BRIEF: Output nothing but the lines from the one holding "Ideale per appassionati" to the end of the listing. Reproduce them exactly, without the pictures.

== DATA RECORDS ==

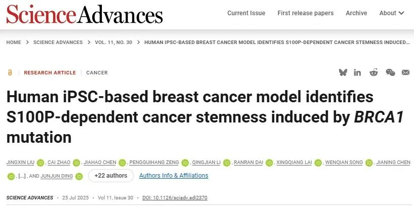 中山大学丁俊军、徐州医科大学细胞治疗药物产业学院白津、中山大学附属第七医院黄东锋、广州国家实验室索生宝共同通讯在Science Advances在线发表题为“Human iPSC-based breast cancer model identifies S100P-dependent cancer stemness induced byBRCA1mutation”的研究论文。该研究开发了一种从人诱导多能干细胞(iPSCs)中生成功能性乳腺样细胞(MCs)的方法。
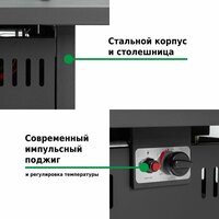 Подходит под любой газовый баллон до 9,2 л включительно (высота 49 см, диаметр 32 см). Газовый баллон в комплект не входит, регулятор и шланг – входят.
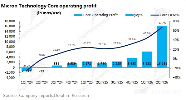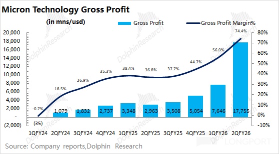 美光公司 2026 財年第二季度實現毛利 178 億美元,其中公司本季度毛利率爲 74.4%,環比提升 18.4pct。毛利率的提升,主要是由傳統存儲產品價格上漲的帶動。
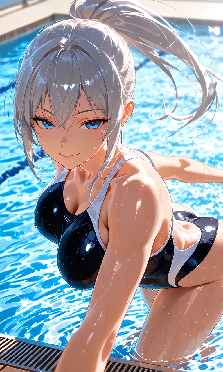 (best quality),(masterpiece),(ultra detailed),1 lady, long ponytail, silver hair, blue eyes, seductive smile, (big breasts), black swimsuit, competition swimsuit,wet body,swimming
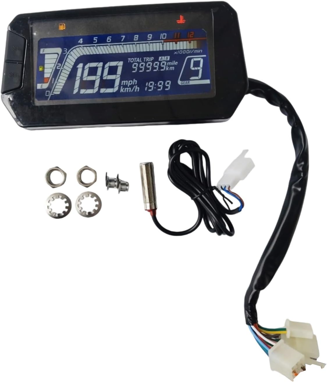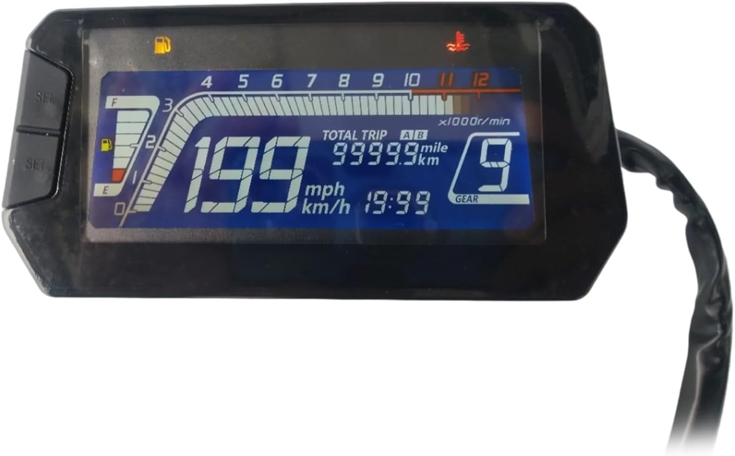 Ideale per appassionati che cercano la personalizzazione attraverso aggiornamenti e per i motociclisti che danno priorità alle alte prestazioni e alla sicurezza con informazioni precise sul veicolo Perfetto per spostamenti in città con monitoraggio della velocità in reale guida o per viaggi a lunga con chilometraggio e monitoraggio dei carburanti pianificazione efficiente Costruito con materiali impermeabili e resistenti, questo indicatore garantisce durata in condizioni meteorologiche avverse, rendendolo un compagno stabile per ogni corsa Questo design multifunzionale un tachimetro, un contachilometri, indicatori carburante e termometri, soddisfacendo tutte le esigenze essenziali dei ciclisti Migliora la tua esperienza guida con i nostri indicatori LCD digitali per dotati un display risoluzione che fornisce dati chiari velocità, RPM e viaggio per le migliori prestazioni
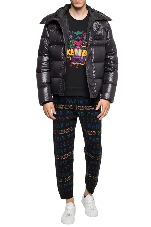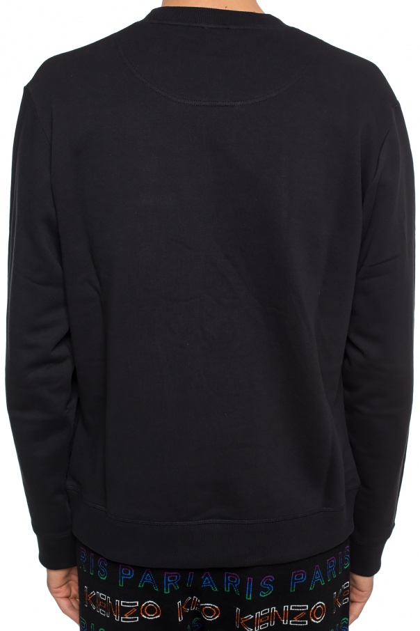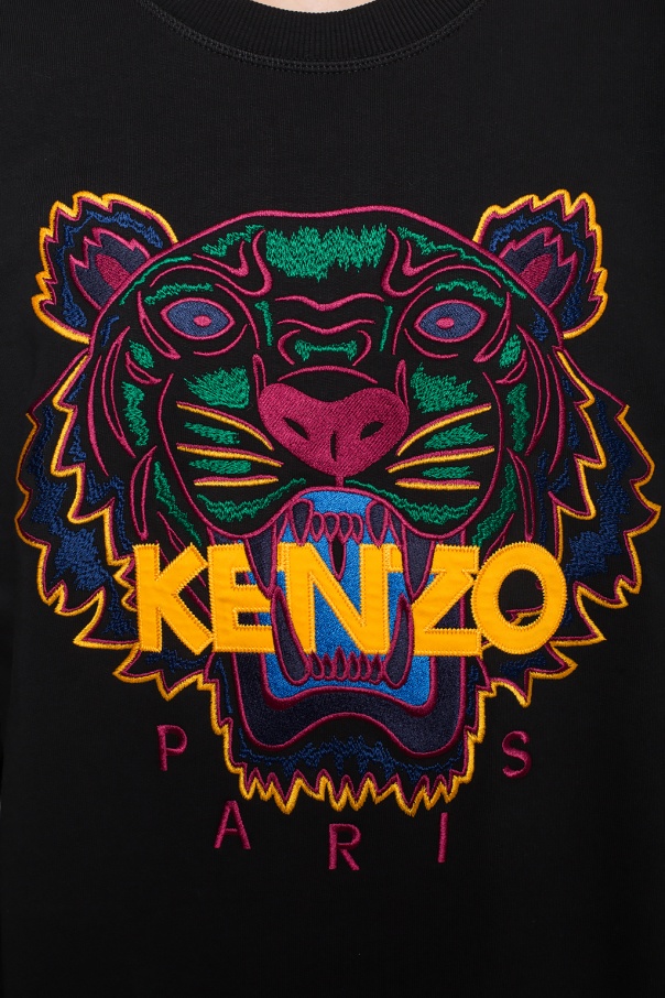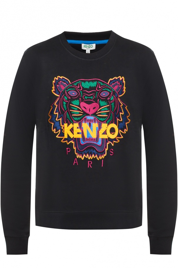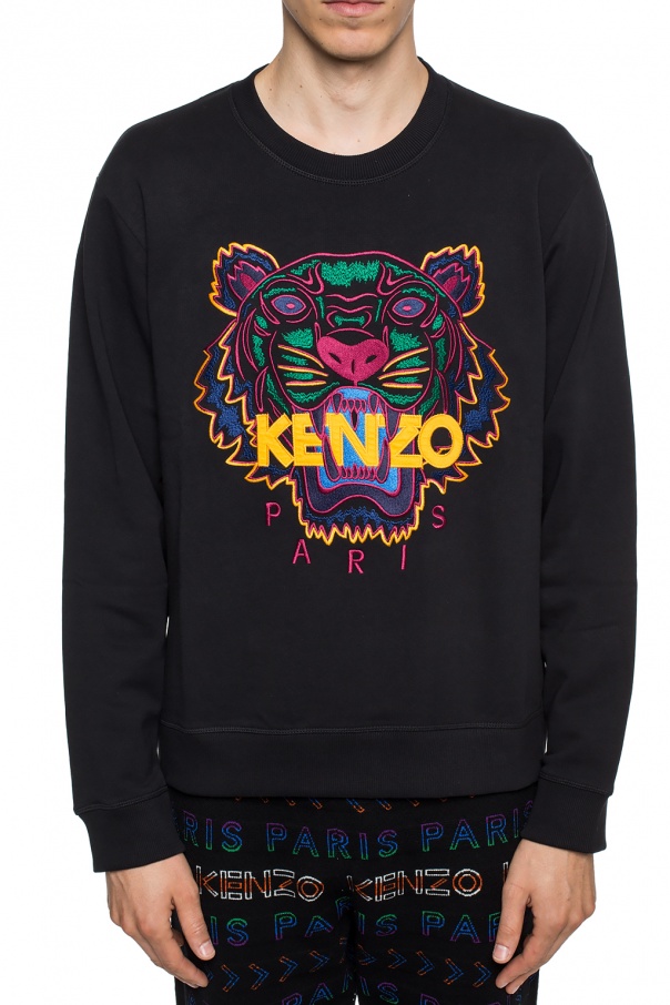 Black sweatshirt from Kenzo. Made of cotton. Front decorated with a colorful embroidered tiger head motif and a logo. Round neck. Long sleeves. Elasticized bottom hem and cuffs.

===

PROBLEM SOLUTION:
 Ideale per appassionati che cercano la personalizzazione attraverso aggiornamenti e per i motociclisti che danno priorità alle alte prestazioni e alla sicurezza con informazioni precise sul veicolo Perfetto per spostamenti in città con monitoraggio della velocità in reale guida o per viaggi a lunga con chilometraggio e monitoraggio dei carburanti pianificazione efficiente Costruito con materiali impermeabili e resistenti, questo indicatore garantisce durata in condizioni meteorologiche avverse, rendendolo un compagno stabile per ogni corsa Questo design multifunzionale un tachimetro, un contachilometri, indicatori carburante e termometri, soddisfacendo tutte le esigenze essenziali dei ciclisti Migliora la tua esperienza guida con i nostri indicatori LCD digitali per dotati un display risoluzione che fornisce dati chiari velocità, RPM e viaggio per le migliori prestazioni
 Black sweatshirt from Kenzo. Made of cotton. Front decorated with a colorful embroidered tiger head motif and a logo. Round neck. Long sleeves. Elasticized bottom hem and cuffs.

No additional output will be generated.